Chris Meagher is an American political advisor for former President Joe Biden. He was previously appointed to serve as Assistant to the Secretary of Defense for Public Affairs under Secretary of Defense Lloyd Austin on September 9, 2022. He previously served as a White House Deputy Press Secretary in the Biden administration beginning March 1, 2021, succeeding TJ Ducklo. He also served as a senior public affairs official for Secretary of Transportation Pete Buttigieg.

== Early life and education ==
A native of Michigan, Meagher earned a Bachelor of Arts degree in journalism from Michigan State University. He then earned a Juris Doctor from the Santa Barbara & Ventura Colleges of Law.

== Career ==
Meagher began his career as a journalist, working for WILX-TV, The State News, The Modesto Bee, the Santa Barbara Daily Sound, and the Santa Barbara Independent.

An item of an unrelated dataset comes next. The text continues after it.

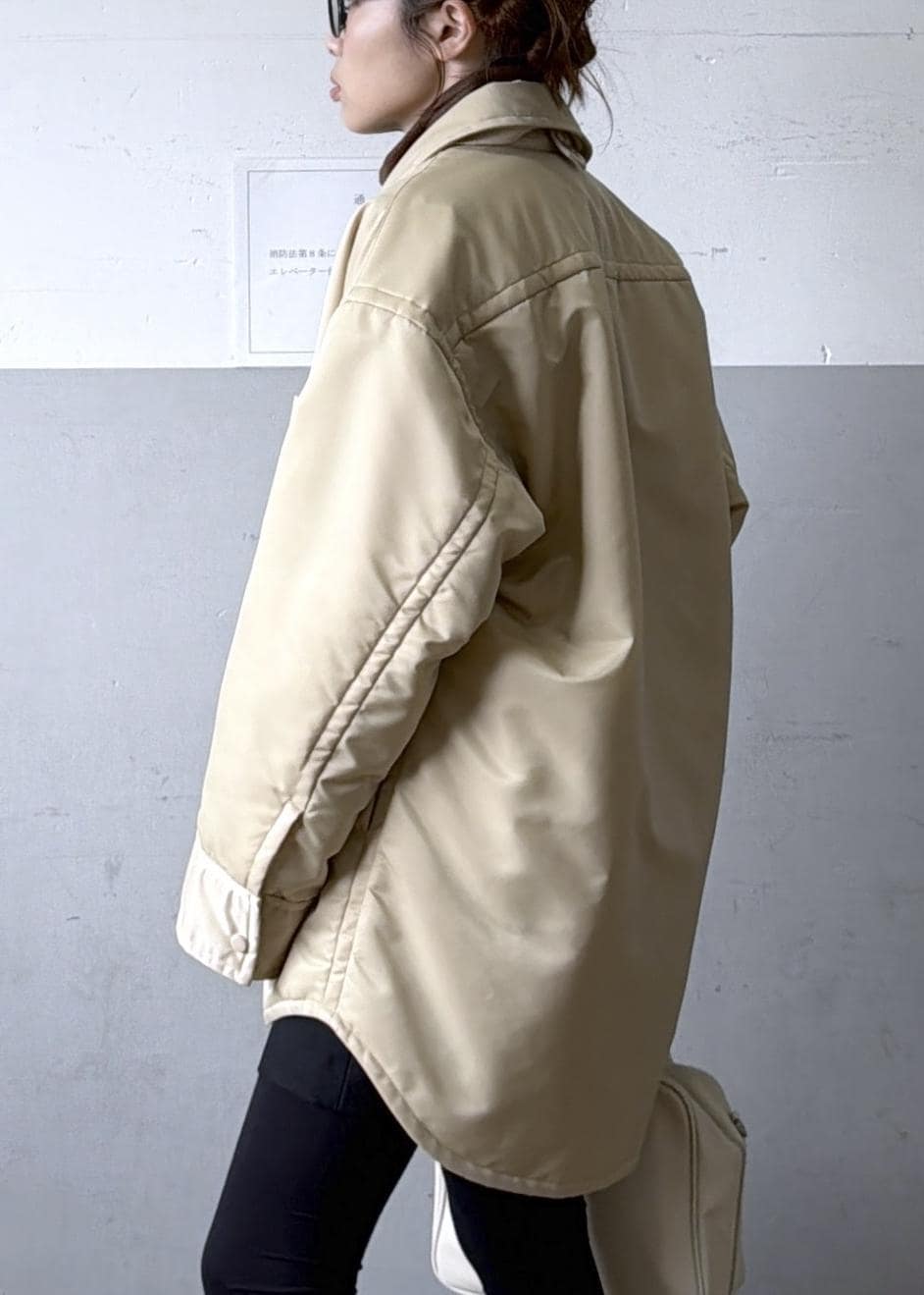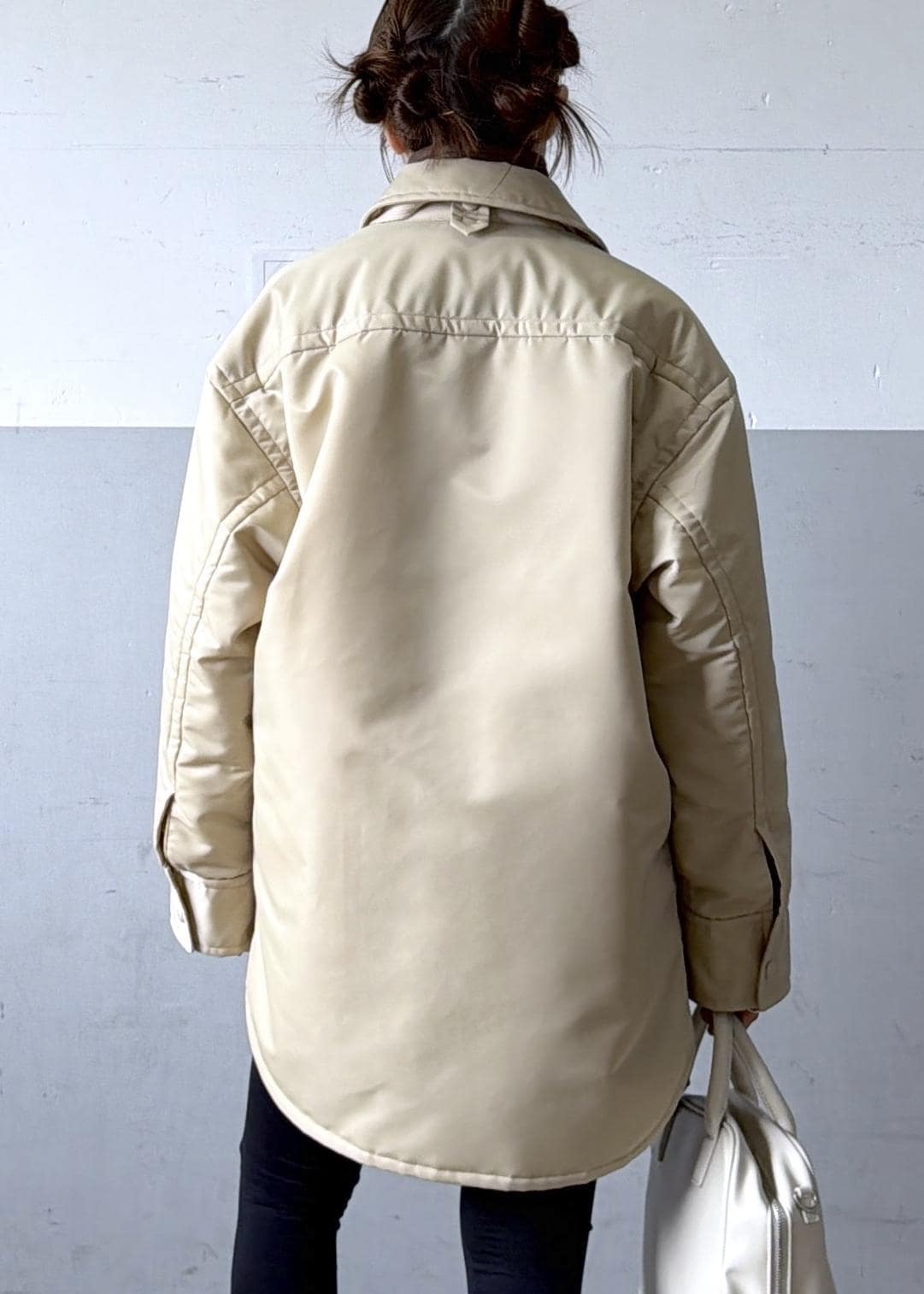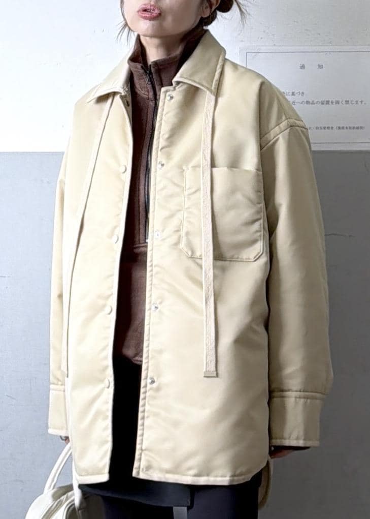ADAM ET ROPÉ FEMME【サステナブル】ボンバーツイルパデットシャツブルゾン/撥水ベージュ / F¥29,700レビューダウンに劣らない暖かさの機能性中綿素材。

He then became the communications director for Congresswoman Lois Capps. Meagher was also a communications manager for General Motors and served as a senior communications advisor for the Colorado Democratic Party and Montana Democratic Party. In 2018, Meagher worked on Senator Jon Tester's re-election campaign as communications director. From March to June 2020, Meagher was briefly a communications advisor for Michigan Governor Gretchen Whitmer.

Meagher previously worked as the national press secretary for the Pete Buttigieg 2020 presidential campaign and joined the United States Department of Transportation as deputy director of public affairs in February 2021 after Buttigieg was confirmed as secretary.

Meagher was one of four aides who hid Defense Secretary Lloyd Austin's hospitalization from the public.